Make an exact copy of every entry, leaving the pictures out.

★ ★ ★ ★ ★

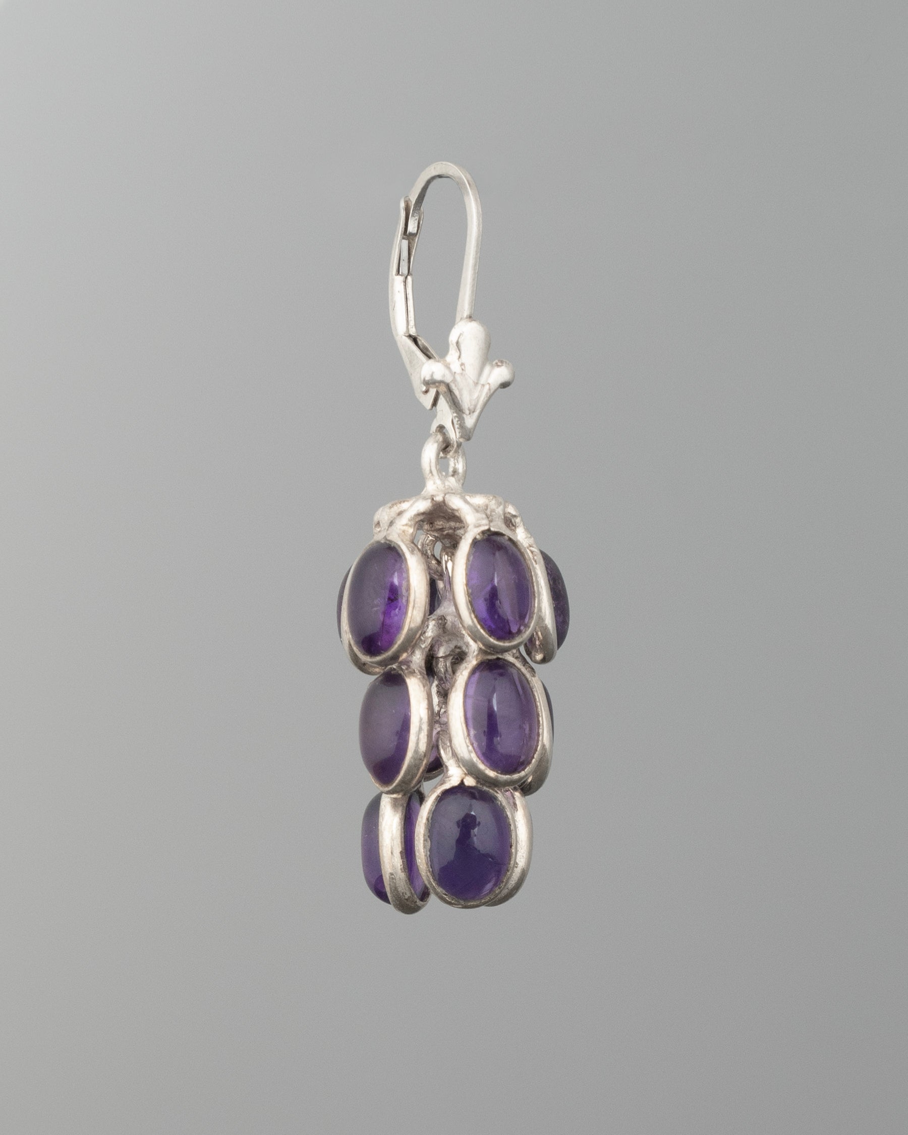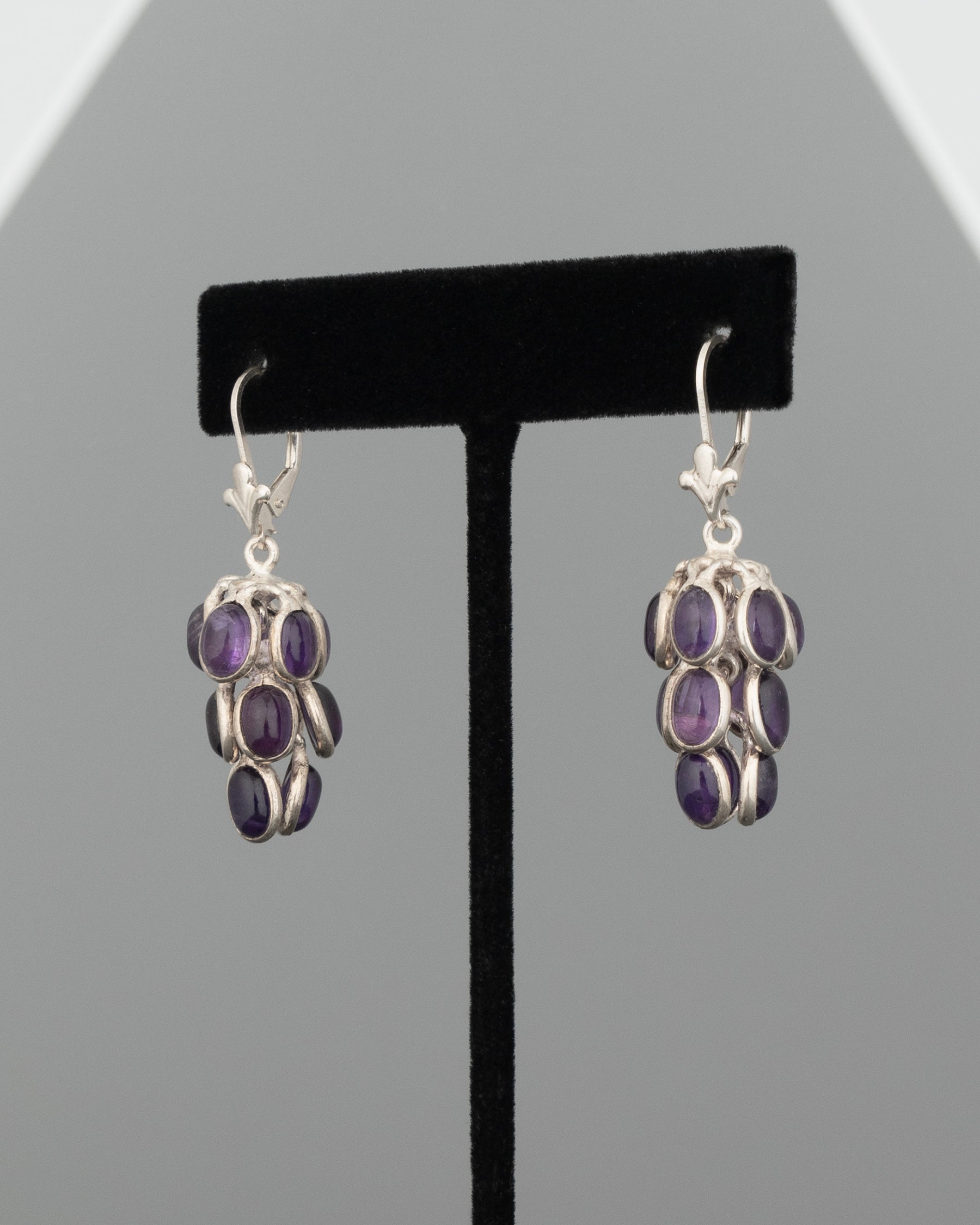 a pair of post modern amethyst cabochon cluster earrings - three tiers of bezel banded vibrant purple amethyst cabochon gems stacked and swaying from sterling silver lever back ear wires.
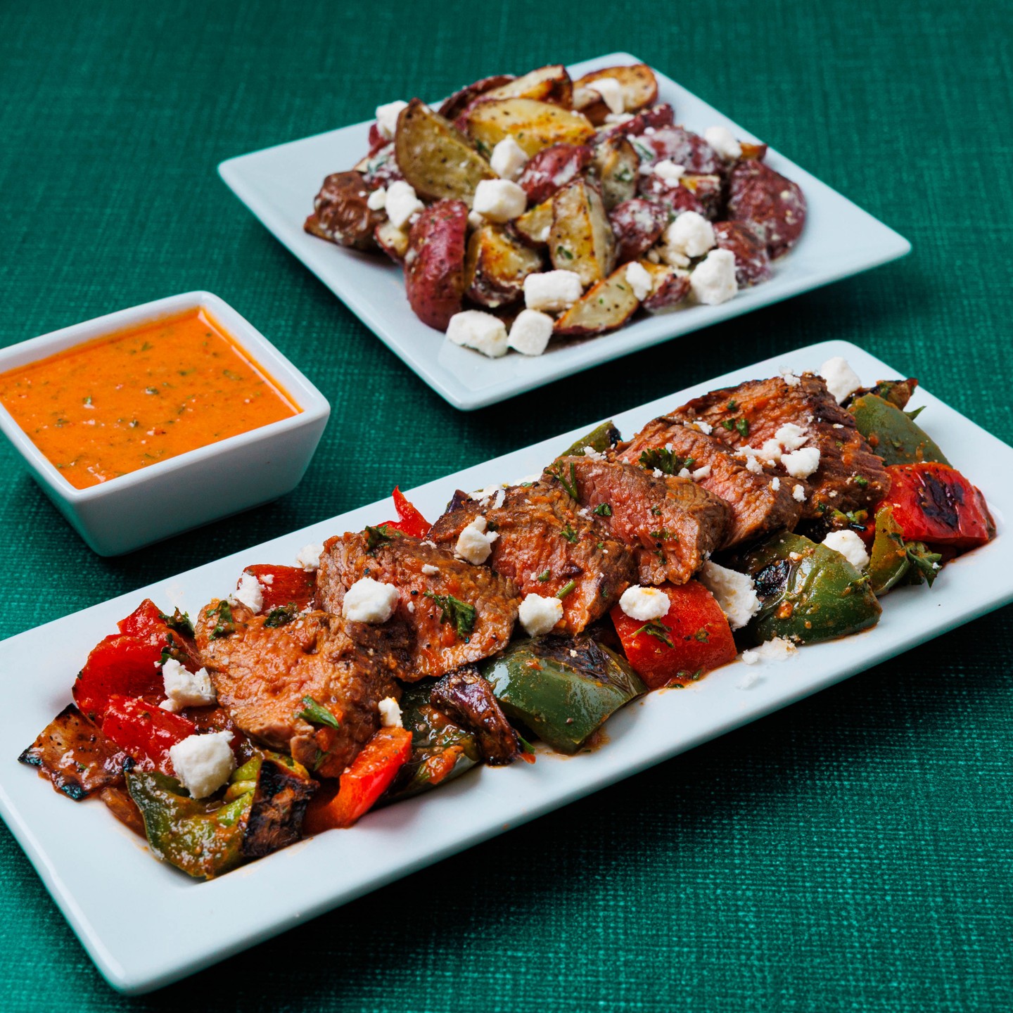Big Mediterranean flavor in every bite. Seared steak and charred peppers are tossed in a creamy roasted red pepper sauce, then served alongside Greek-style potatoes coated in lemony tzatziki. A sprinkle of feta brings it all together for a dinner that’s rich, bright, and full of sunshine.
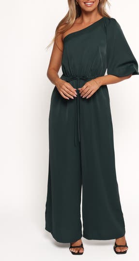 Effortless contemporary-chic style is the name of the game with this wide-leg jumpsuit complete with an asymmetric neckline.
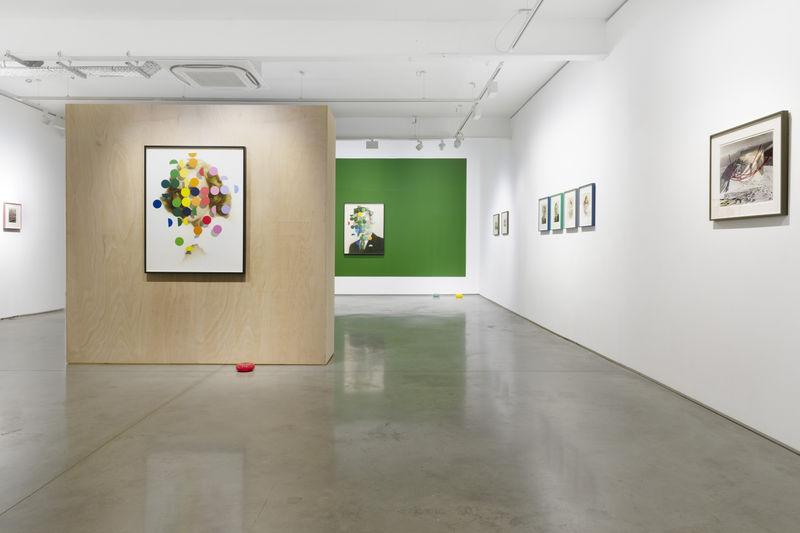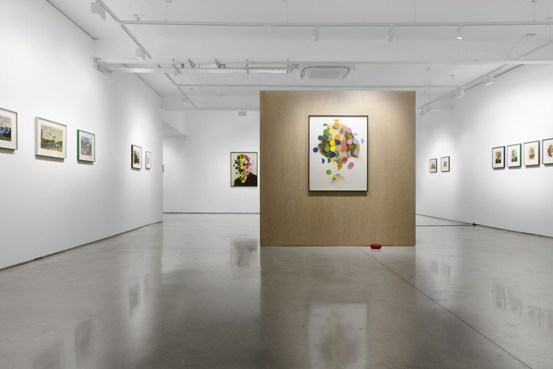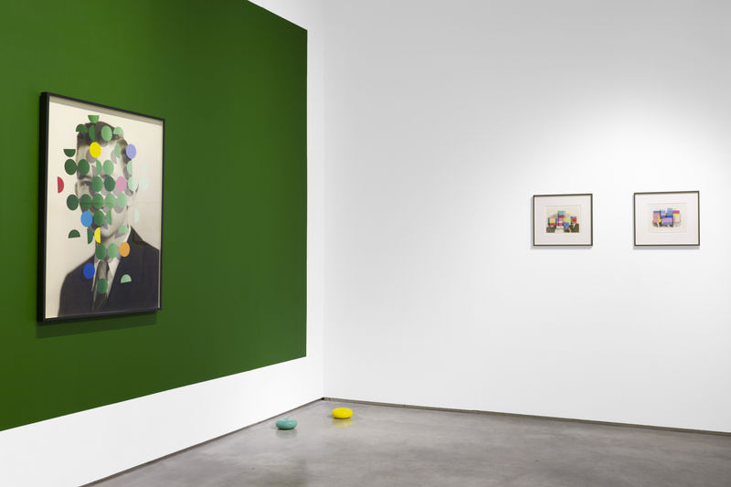 Recurring patterns, spots, kaleidoscopes, Venn diagrams, harlequins, flower heads, and cages are formally balanced with the existing compositions in response to imagined internal dialogues.
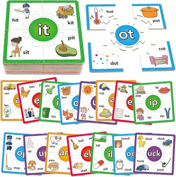 Torlam Phonics Puzzles Rhyming Games Phonics Games Flash Cards for Kids Toddler, Learn to Read Spelling Reading Sight Words, Short A E I O U Blends Site Words for Preschool Kindergarten Homeschool
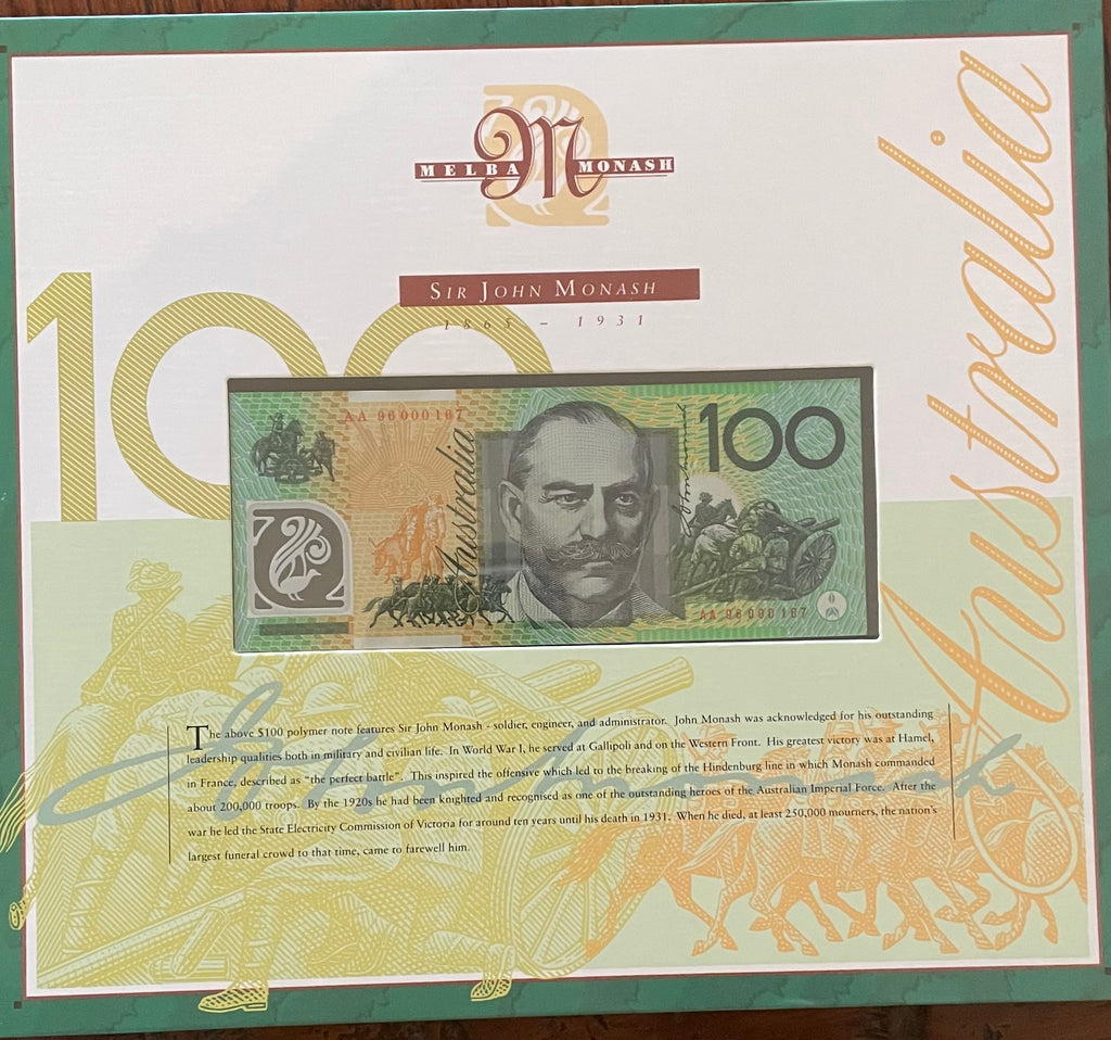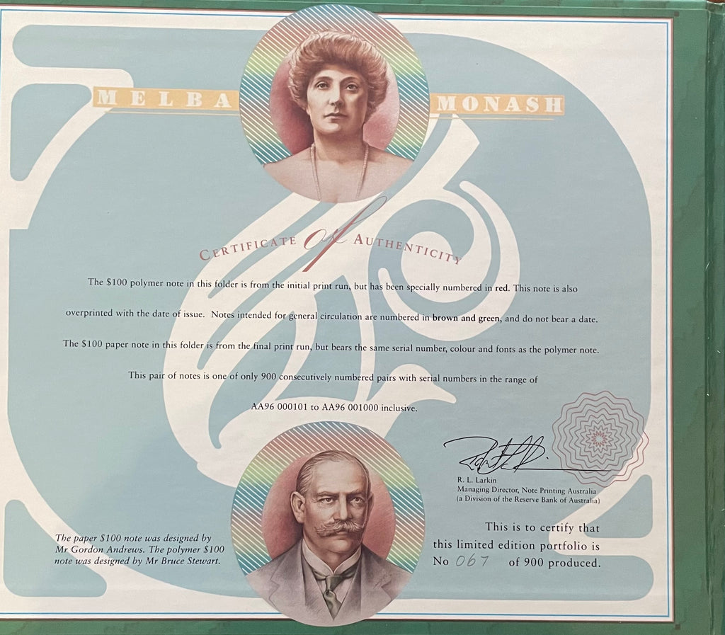 Australia 1996 $100 Last Paper and First Polymer Uncirculated Banknote Portfolio Red Serial Numbers
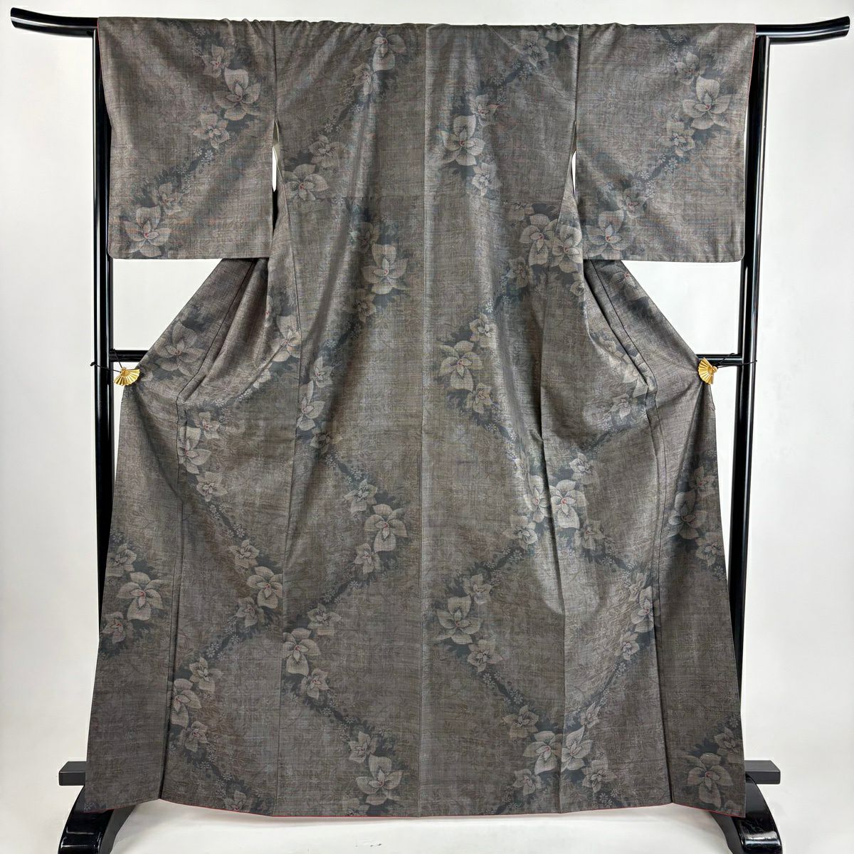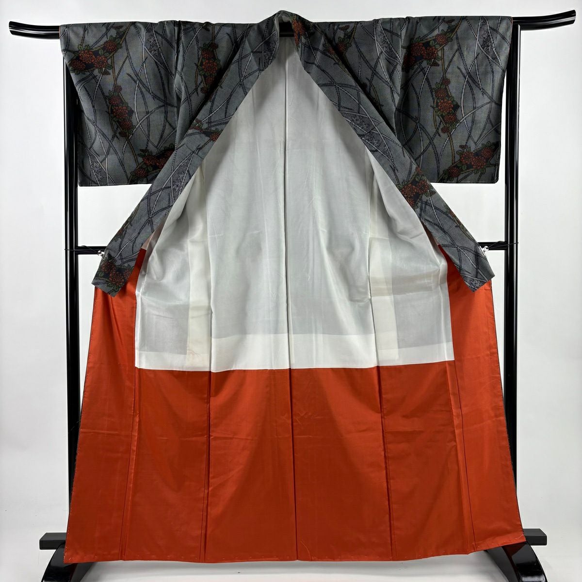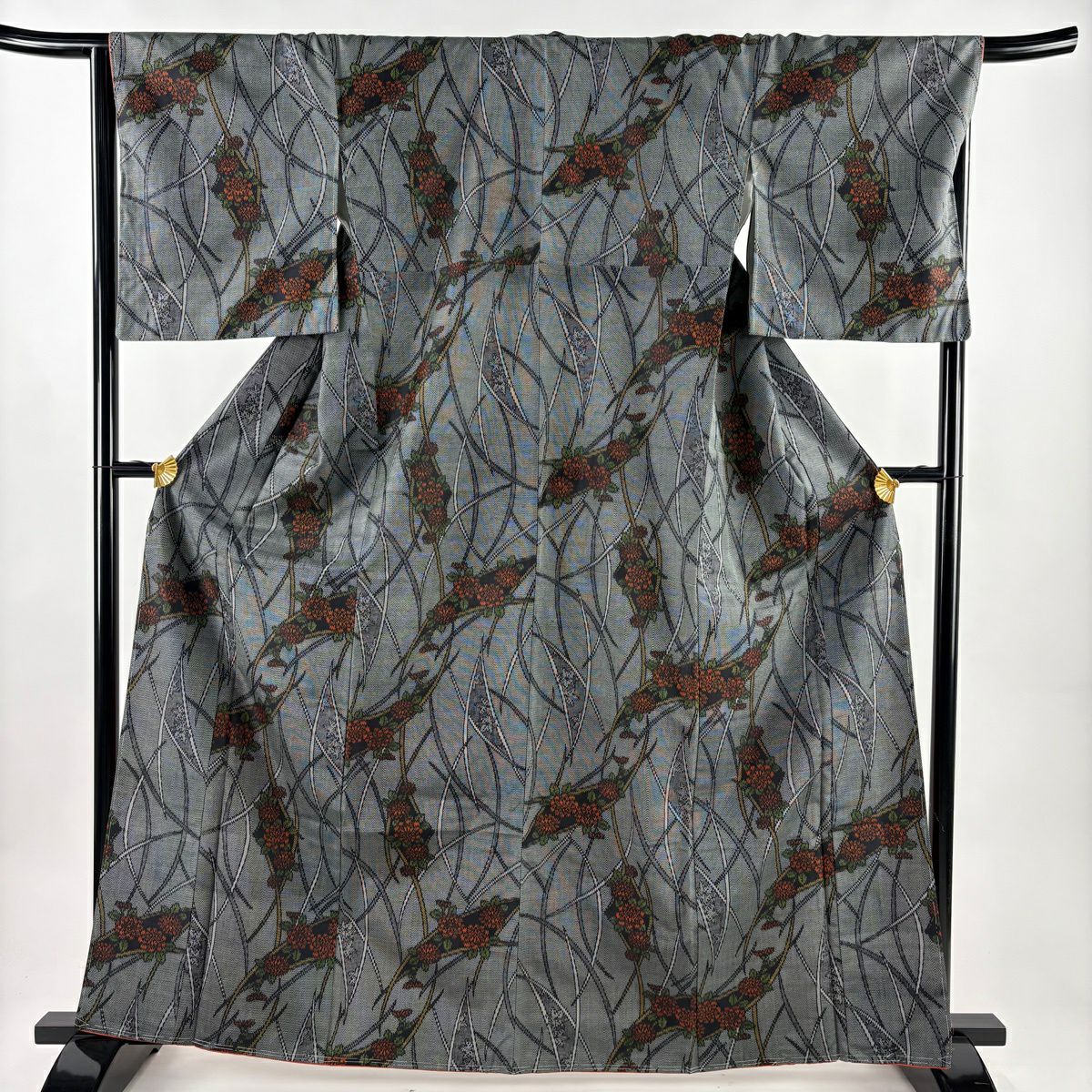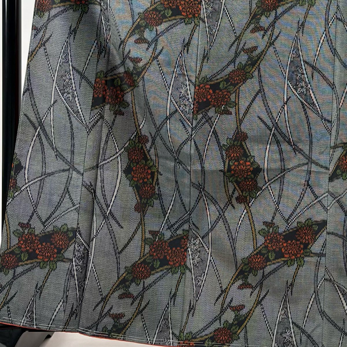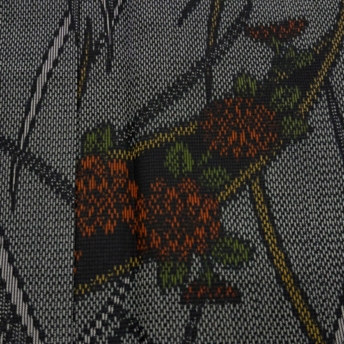 【美品】 紬 身丈165cm 裄丈66.5cm M 袷 草花 芝 黒灰 正絹 優品

★ ★ ★ ★ ★

### WRITTEN SOLUTION
 a pair of post modern amethyst cabochon cluster earrings - three tiers of bezel banded vibrant purple amethyst cabochon gems stacked and swaying from sterling silver lever back ear wires.
Big Mediterranean flavor in every bite. Seared steak and charred peppers are tossed in a creamy roasted red pepper sauce, then served alongside Greek-style potatoes coated in lemony tzatziki. A sprinkle of feta brings it all together for a dinner that’s rich, bright, and full of sunshine.
 Effortless contemporary-chic style is the name of the game with this wide-leg jumpsuit complete with an asymmetric neckline.
 Recurring patterns, spots, kaleidoscopes, Venn diagrams, harlequins, flower heads, and cages are formally balanced with the existing compositions in response to imagined internal dialogues.
 Torlam Phonics Puzzles Rhyming Games Phonics Games Flash Cards for Kids Toddler, Learn to Read Spelling Reading Sight Words, Short A E I O U Blends Site Words for Preschool Kindergarten Homeschool
 Australia 1996 $100 Last Paper and First Polymer Uncirculated Banknote Portfolio Red Serial Numbers
 【美品】 紬 身丈165cm 裄丈66.5cm M 袷 草花 芝 黒灰 正絹 優品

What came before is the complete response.